WHAT TO WORK ON: Would you output the entries below only from the line containing "Bernd Kohlhepp /" through the line containing "이날 행사에는 동부건설(주)", exactly as they stand and with both ends included?

SOURCE INFORMATION:
╭──

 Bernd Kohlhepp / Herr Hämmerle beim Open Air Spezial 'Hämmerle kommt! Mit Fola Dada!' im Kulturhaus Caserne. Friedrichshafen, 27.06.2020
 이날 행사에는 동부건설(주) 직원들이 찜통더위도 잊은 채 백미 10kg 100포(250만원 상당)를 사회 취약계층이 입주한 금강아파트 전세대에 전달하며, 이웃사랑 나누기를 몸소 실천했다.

╰──
╭──

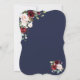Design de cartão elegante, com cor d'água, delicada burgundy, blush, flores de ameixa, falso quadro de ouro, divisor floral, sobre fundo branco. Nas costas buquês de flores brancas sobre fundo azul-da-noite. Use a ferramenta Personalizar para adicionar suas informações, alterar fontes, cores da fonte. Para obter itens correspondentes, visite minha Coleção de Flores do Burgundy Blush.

╰──
╭──

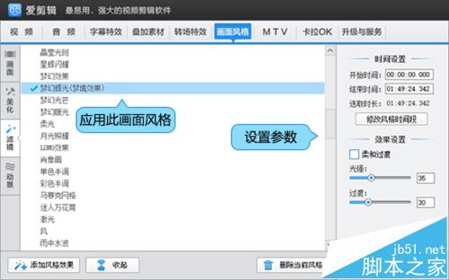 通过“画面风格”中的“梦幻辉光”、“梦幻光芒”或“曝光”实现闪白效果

╰──

EXERCISE RESPONSE:
 Bernd Kohlhepp / Herr Hämmerle beim Open Air Spezial 'Hämmerle kommt! Mit Fola Dada!' im Kulturhaus Caserne. Friedrichshafen, 27.06.2020
 이날 행사에는 동부건설(주) 직원들이 찜통더위도 잊은 채 백미 10kg 100포(250만원 상당)를 사회 취약계층이 입주한 금강아파트 전세대에 전달하며, 이웃사랑 나누기를 몸소 실천했다.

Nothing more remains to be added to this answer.